# what watt is safe? here you go



## Nightwalker (21/12/15)

Very basic. Find your sweet spot.

Reactions: Like 14 | Useful 1


----------



## KimVapeDashian (21/12/15)

shaun patrick said:


> Very basic. Find your sweet spot.



Feels like a subtank insert 

.2ohm - .3ohm is where its at for me - 60 - 80w


----------



## Nightwalker (21/12/15)

KimVapeDashian said:


> Feels like a subtank insert
> 
> .2ohm - .3ohm is where its at for me - 60 - 80w


Like I said, very basic. Posted in noobs for that reason mate. We play around a bit more, but I wish someone had shown this to me in beginning.

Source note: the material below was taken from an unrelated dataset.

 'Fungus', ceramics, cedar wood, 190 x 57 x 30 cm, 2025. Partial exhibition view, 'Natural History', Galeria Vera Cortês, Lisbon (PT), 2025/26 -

I burnt about 5 coils in a week when I started. Lol

Reactions: Like 3 | Can relate 2


----------



## Nightwalker (21/12/15)

I'm glad people are seeing this


----------



## Nightwalker (23/12/15)

Really ppl. 100+ views and you can't give me a like? Lol

Sent from my GT-I9500 using Tapatalk

Reactions: Winner 2


----------



## Andre (23/12/15)

shaun patrick said:


> Really ppl. 100+ views and you can't give me a like? Lol
> 
> Sent from my GT-I9500 using Tapatalk


There you go. I agree this could be very useful for new vapers.

Reactions: Like 1


----------



## Nightwalker (23/12/15)

Andre said:


> There you go. I agree this could be very useful for new vapers.

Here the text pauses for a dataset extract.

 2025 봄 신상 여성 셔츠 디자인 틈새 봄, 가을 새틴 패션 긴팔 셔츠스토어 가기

Hahahaha ty, I was half being sarcastic... Half.


----------



## Byakko (1/2/16)

I haven't started building coils for myself yet,built some for mates but this is good to know.Pic saved and shared on fb

Reactions: Like 1


----------



## blujeenz (1/2/16)

Taken from the Kayfun 3.1 manual, this is for the 8 to 12 watt #32g users.
Id imagine the whole chart would be green for the cloud chasing chappies.

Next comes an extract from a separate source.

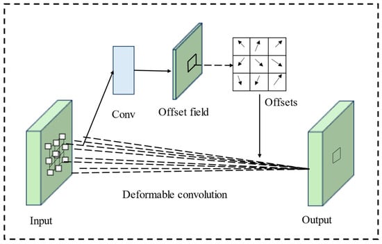 As shown in Figure 4, in DCNv2, deformable convolution introduces an offset to each sampling point in the convolutional kernel, allowing the kernel to take on arbitrary shapes. During training, the model learns both the offset and an associated weight for each sampling point, which determines the influence of that point on feature extraction. The computation for deformable convolution is expressed as follows:
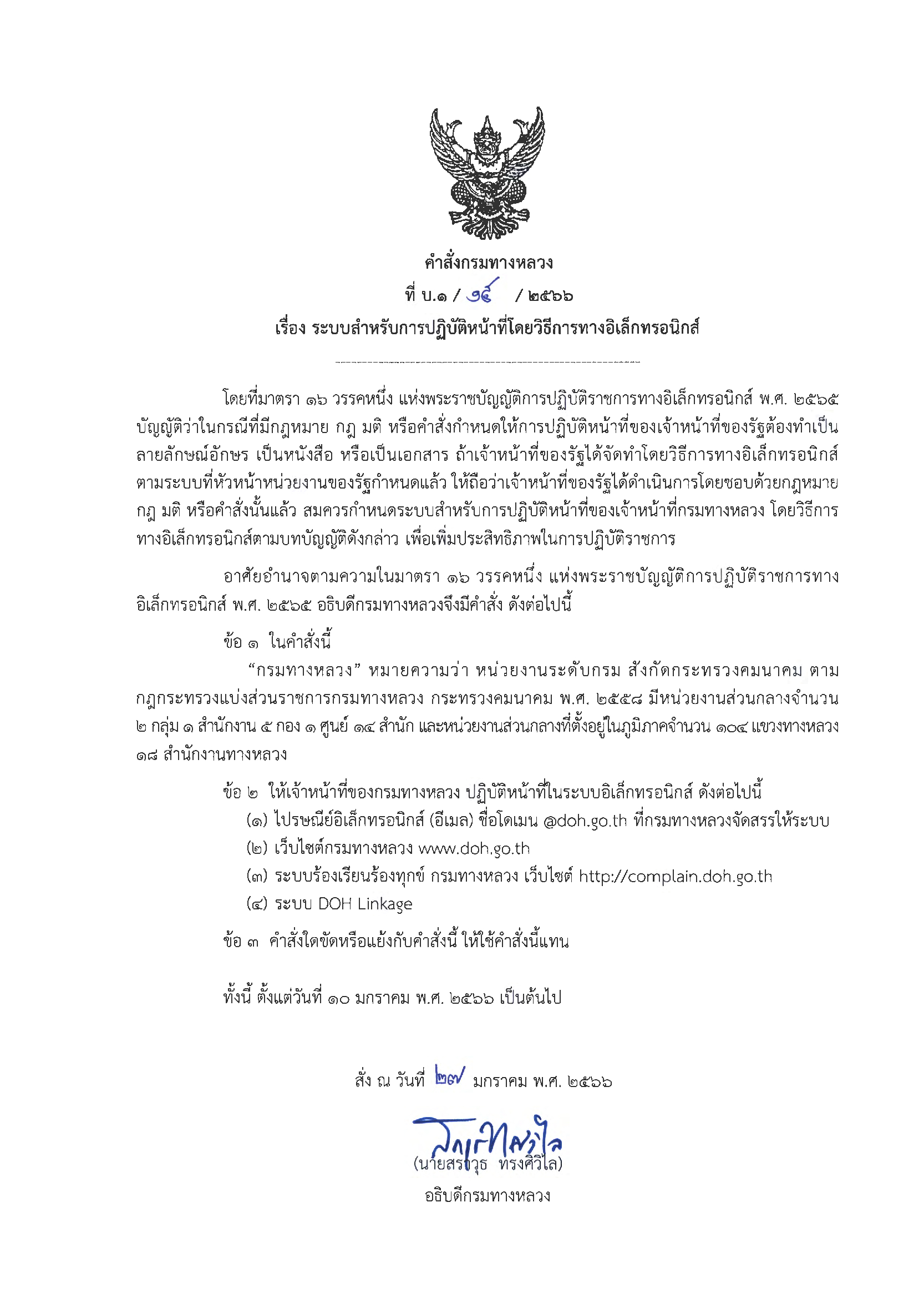 คำสั่ง บ.1-19-2566 เรื่อง ระบบสำหรับการปฏิบัติหน้าที่โดยวิธีอิเล็กทรอนิกส์

Reactions: Like 1 | Thanks 1 | Useful 1


----------



## zadiac (1/2/16)

Nightwalker said:


> Very basic. Find your sweet spot.



I can't even remember the last time I vaped under 50W. I average from 65-100W permanently (depending on the coils I build)
The coils I build are rarely above .3 ohms 

At the moment I'm vaping with a .2 ohm coil at 70W. That's my sweet spot.

Reactions: Winner 1


----------



## Nightwalker (1/2/16)

zadiac said:


> I can't even remember the last time I vaped under 50W. I average from 65-100W permanently (depending on the coils I build)
> The coils I build are rarely above .3 ohms
> 
> At the moment I'm vaping with a .2 ohm coil at 70W. That's my sweet spot.



Atm, 0.4ohm 63W


----------



## blujeenz (1/2/16)

Nightwalker said:


> Atm, 0.4ohm 63W



1.1 ohm @ 15.6W
Nobody can pin any global warming nonsense on me thats for sure.

Reactions: Funny 2


----------